Random antiterrorism measures
How do we address a terrorist group that might be watching a facility without being detected? We randomly change the security measures used every day, complicating their attempts to figure out what the security plan is. These Random Antiterrorism Measures are particularly useful – they complicate terrorist attack planning and they sow doubt, as the terrorists may suspect that they’ve been discovered and that the changes are a response to it. For example, on Monday they might observe that there are two guards at the gate. On Tuesday, there are three. On Wednesday, they see two guards as the gate, but they are checking the identification of everyone who passes through. On Thursday the two guards have suspended ID checks, but instead are randomly checking the trunks and backseats of all vehicles going through the gate. On Friday there is a police cruiser parked near the gate for several hours. By then, the terrorists don’t know what to expect the next day and will likely determine that it is too hard a target and will move on.

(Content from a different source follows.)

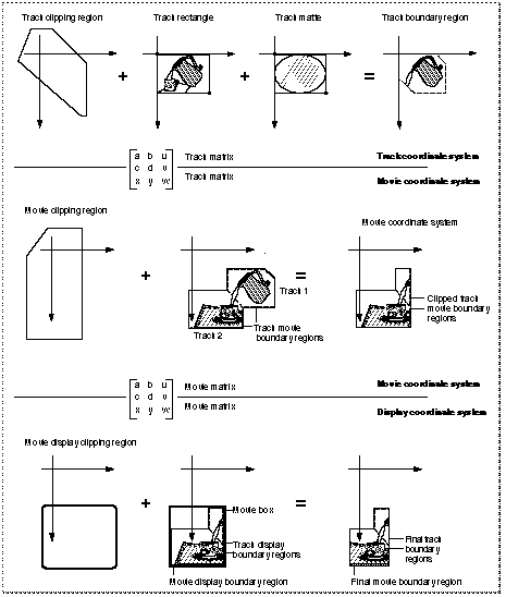 Figure 0-22 provides an overview of the entire process of gathering, transforming, and displaying visual data. Each track defines its own spatial characteristics, which are then interpreted within the context of the movie's spatial characteristics.

| Success in antiterrorism is not random at all, but is the result of careful analysis, planning, and execution [view larger image] |
![[view larger image]](https://www.sourcesecurity.com/img/moreimages/2017%20press%20releases/anti%20terror%20planning%20diagram.png){kind=link}
Response planning
Response planning is something that most facilities do, but in addition to the usual fire and evacuation planning, they should include actions upon discovery of suspected or real surveillance and all the activities watched for in the Observation plan. Included in response planning should be all the potential scenarios identified in the TVA.
Preventing terrorist attacks is a process by which we convince the terrorists that they are unlikely to be successful and by doing so inducing them to move on. Success in antiterrorism is not random at all, but is the result of careful analysis, planning and execution.